Three or four different sized bags, one purple, another red, one black, one small and filled with ponies the color of rainbows.
The Blair's bags.
She said nothing.
But she grabbed the heaviest bag and lugged it out of the trunk.
At least when it hit the grass, it had wheels, though the small rollers didn't seem too effective in the crumbly mix of dry grass and dirt.
Kate had already grabbed another one, and with a big oomph pulled that out as well.
And then, sweet God, Simon grabbing the one with ponies.
“Look at this! Who’d want a dopey bag like this!”
Christie almost laughed at...Simon being Simon.
The pink bag with rainbow ponies.
That belonged to a little girl who a terrible thing had happened to…
Simon didn’t ask though.
Who’s this bag belong to? What happened to them?
Some magic wall that kept him from those next few thoughts, those terrible questions.
About what might have happened to the people whose things they had just pulled out of the trunk.
Christie quickly grabbed the last bag, and tossed it to the side.
“Okay. Thanks, kids. Now, let me see—”
No tire visible; probably, she thought, under the trunk’s floorboard.
The tire, the tire iron, the jack.
She looked around again. Everything so still around them. That's good, she told herself.
But then, why doesn't it feel good?
She leaned into the trunk and started running her fingers around the edges, digging her nails under the trunk's matting, until she made a gap and could get both hands in and pull the trunk floor mat up.
To see: a tire.
“The spare,” she said.
“Doesn't look so good,”Simon said. “Sure it’s okay?”
Good question, Christie thought. She leaned close and felt the tire.
Nice and firm.
“It’s fine. Just got to—”
She grabbed a large bolt that kept the tire in place under the trunk. At first, it wouldn't budge.
Going to have to get stronger, she thought.
No man to depend on to turn and twist the hard things, to lift the heavy things, to do all the goddamn—
She stopped herself again.
The screw loosened, and spun off.
She reached in, and though the tire and rim were heavy, she could lift the spare out and place it against the back of the car.
She looked for the jack.
Kate came and stood beside her.
Sensing something wrong.
“Mom, what is it?”
Christie leaned in again, and began feeling all around the bottom and sides of the trunk, nearly her whole body in the trunk, thinking that the car's jack had to be fixed to the side, or hidden in the back, somewhere...
But it wasn’t.
“There's no jack,” she said dully.
A quick look around.
After all — she had been rooting around in the trunk for a good minute or so.
She thought of those old nature programs, showing African animals at a water hole.
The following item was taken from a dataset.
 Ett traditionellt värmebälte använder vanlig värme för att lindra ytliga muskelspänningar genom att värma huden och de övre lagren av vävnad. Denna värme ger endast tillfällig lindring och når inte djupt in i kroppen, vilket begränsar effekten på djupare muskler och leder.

How they'd lean down for a sip, then raise their heads, look left, right, then another cautious sip.
“What are you going to do?” Kate asked. “Can you do it —”
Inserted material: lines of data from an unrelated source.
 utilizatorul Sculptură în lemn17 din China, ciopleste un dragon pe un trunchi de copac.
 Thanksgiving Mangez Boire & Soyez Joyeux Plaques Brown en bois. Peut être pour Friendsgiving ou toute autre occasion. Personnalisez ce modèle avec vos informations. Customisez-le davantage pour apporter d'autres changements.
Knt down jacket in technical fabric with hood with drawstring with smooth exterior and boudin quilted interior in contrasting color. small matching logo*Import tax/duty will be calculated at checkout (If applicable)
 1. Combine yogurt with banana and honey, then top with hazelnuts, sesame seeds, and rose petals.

Christie had begun shaking her head.
“No, I can’t. You can’t get a car off the ground…without a jack.”There was a bite to her words which she immediately regretted.
Simon. Where was he?
But then she saw him at the front of the car.
“Simon. Back here. Now.”
He came back.
(Don't cry, she thought. Please. No matter what.)
Then a sound.
They all turned, the three of them standing close together, the luggage strewn around them, the sun beating down hard, the clouds all burnt away.
As a car headed down the highway…right towards them.